> [Data below]:

-- Opening Marker --

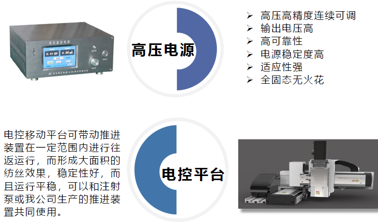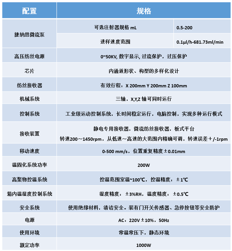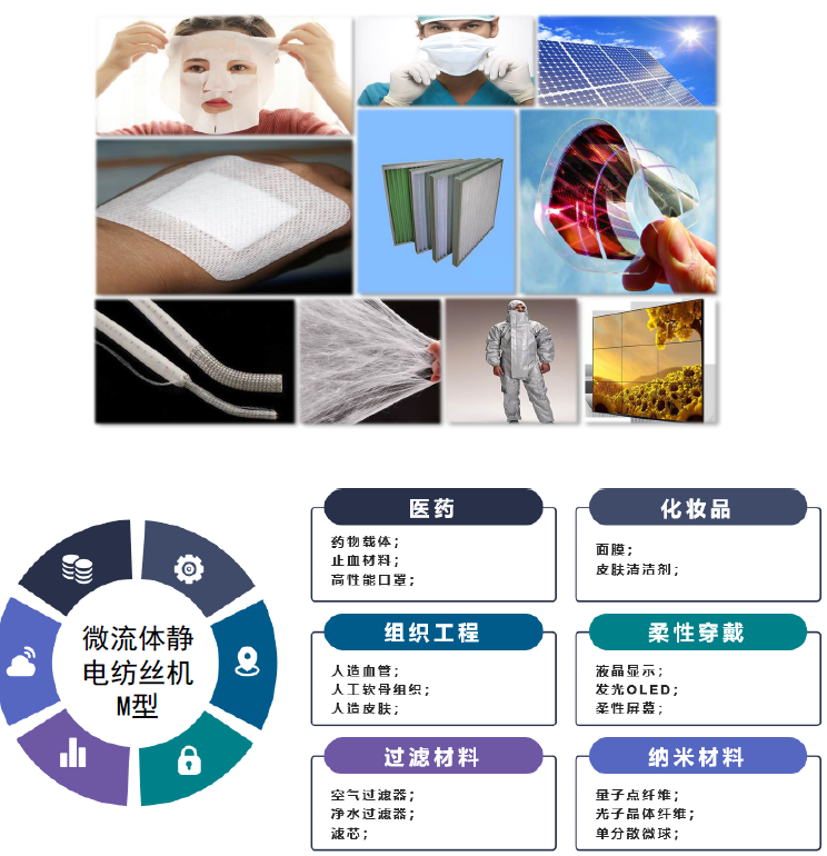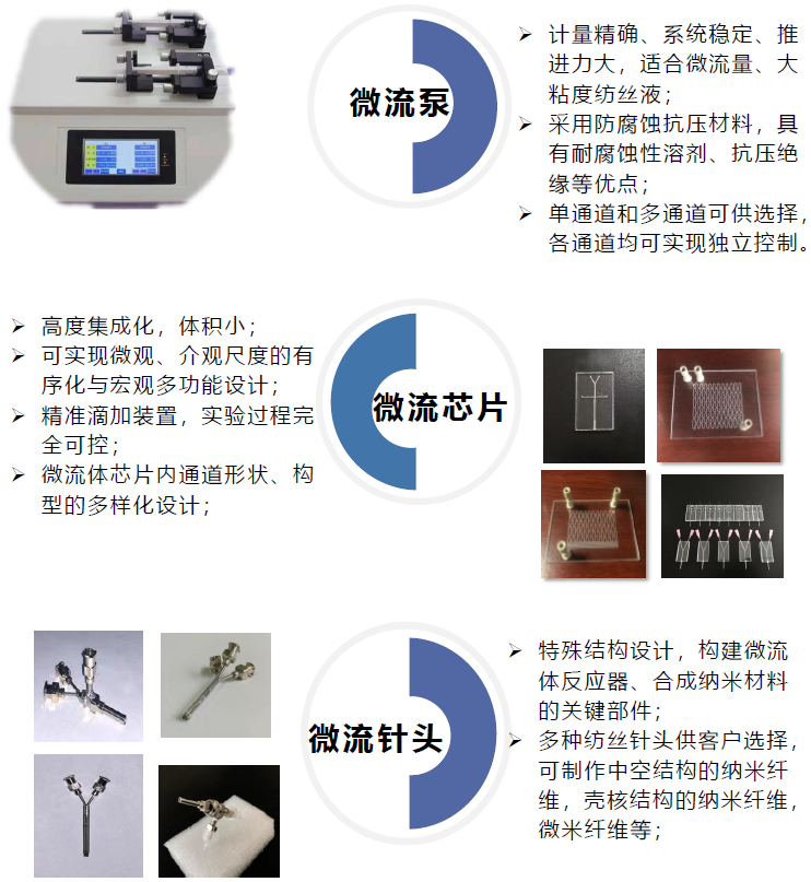 微流体静电纺丝机融合静电纺丝、微流体纺丝的原理,以多样化微流控芯片为核心,通过微流控数字化精准调控,全新设计出静电微流控一体纺丝机,既具有静电可制备超细纤维的特点,又具有微流控可制备高度有序的纤维的特点,通过微流控数字化经精准调控,实现多层次结构,多组成杂化纤维,又可以实现常规静电纺丝机制备超细化纤维的功能,从而可以实现一机多用的目的并且可以通过微流控芯片实现原位纺丝化学合成,使其纺丝过程同时具备物理和化学过程的特点。
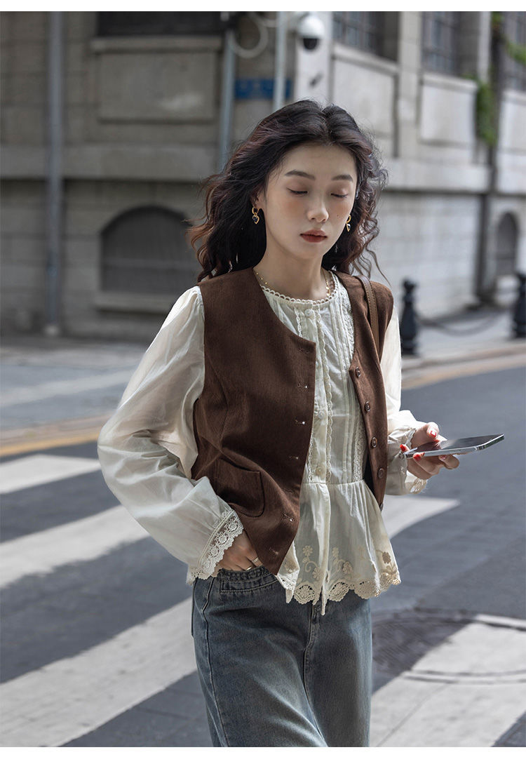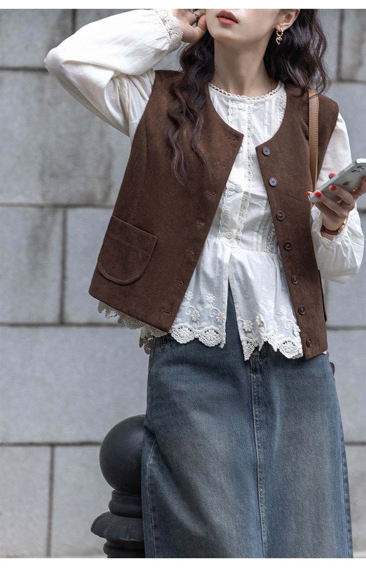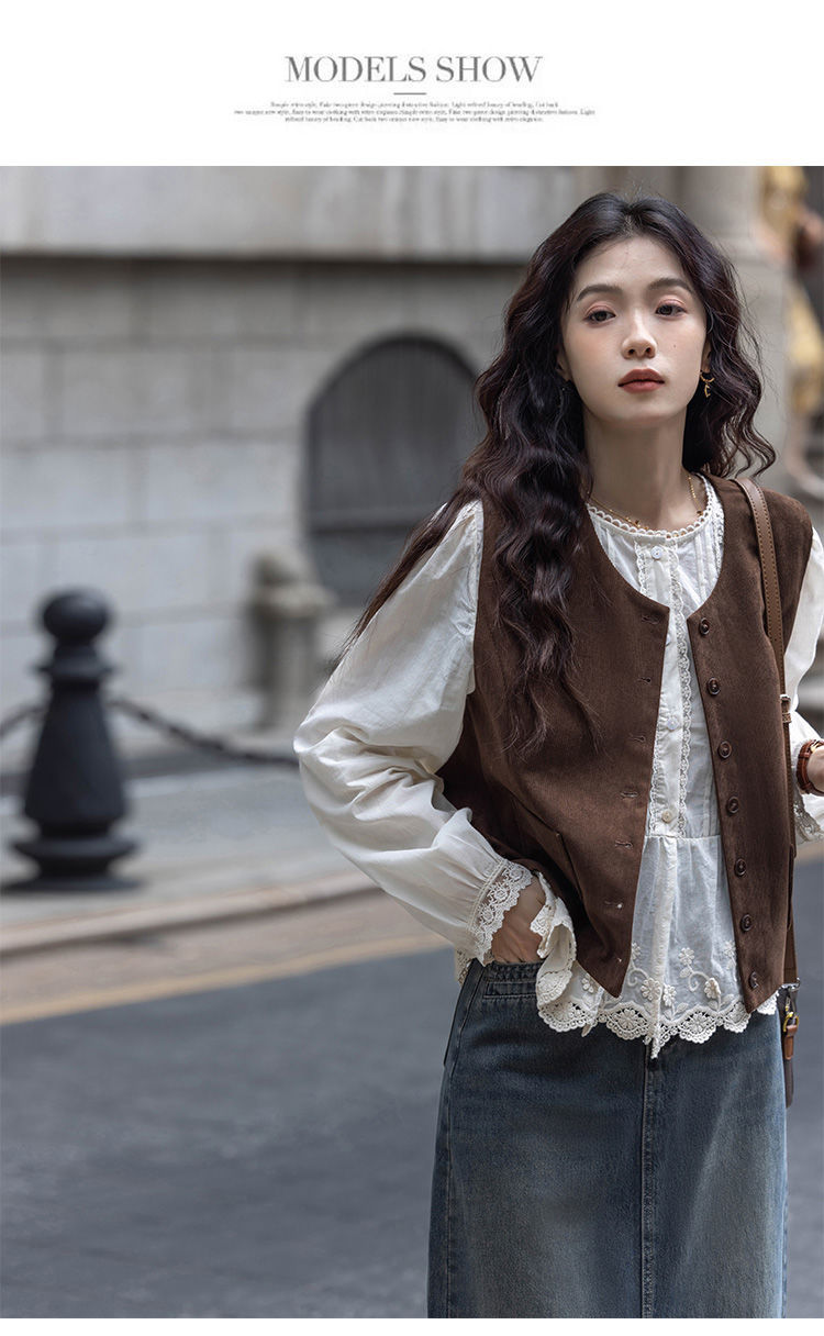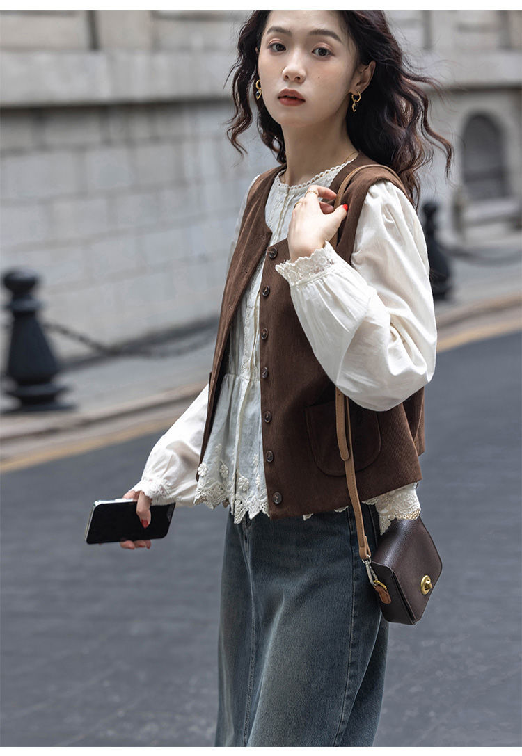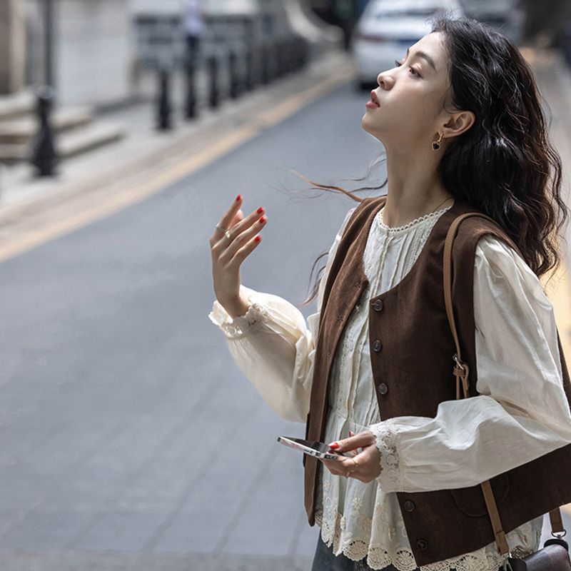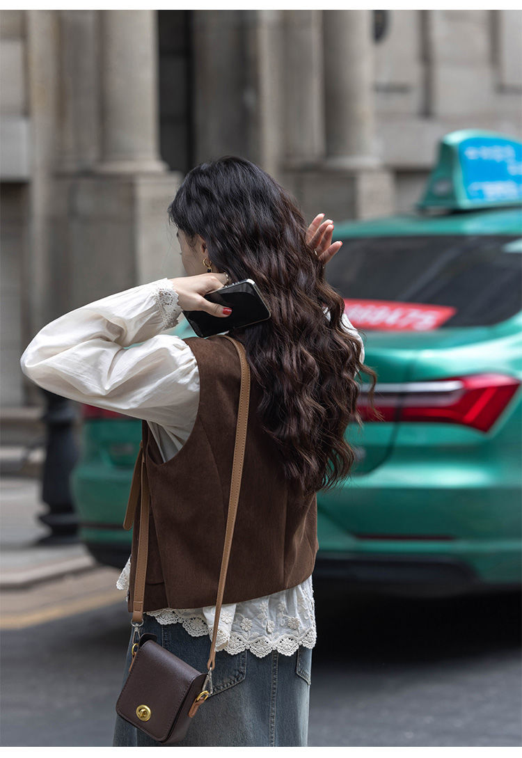 여성용 브라운 조끼 2025 봄, 가을 새로운 스타일 작은 복고풍 레이어드 민소매 탑 재킷 다용도 양복 조끼스토어 가기
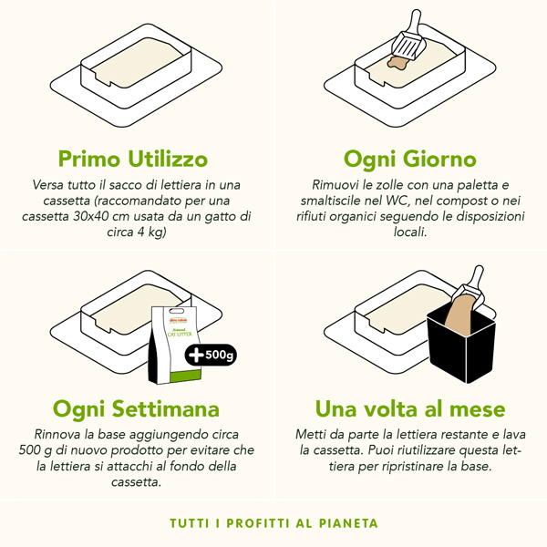 L’amido contenuto nelle fibre vegetali agglomera velocemente mentre gli enzimi neutralizzano i cattivi odori.

-- Closing Marker --

> [Work task]: Give back every line of the material above word for word, leaving out the pictures.

> [Response box]:
 微流体静电纺丝机融合静电纺丝、微流体纺丝的原理,以多样化微流控芯片为核心,通过微流控数字化精准调控,全新设计出静电微流控一体纺丝机,既具有静电可制备超细纤维的特点,又具有微流控可制备高度有序的纤维的特点,通过微流控数字化经精准调控,实现多层次结构,多组成杂化纤维,又可以实现常规静电纺丝机制备超细化纤维的功能,从而可以实现一机多用的目的并且可以通过微流控芯片实现原位纺丝化学合成,使其纺丝过程同时具备物理和化学过程的特点。
 여성용 브라운 조끼 2025 봄, 가을 새로운 스타일 작은 복고풍 레이어드 민소매 탑 재킷 다용도 양복 조끼스토어 가기
 L’amido contenuto nelle fibre vegetali agglomera velocemente mentre gli enzimi neutralizzano i cattivi odori.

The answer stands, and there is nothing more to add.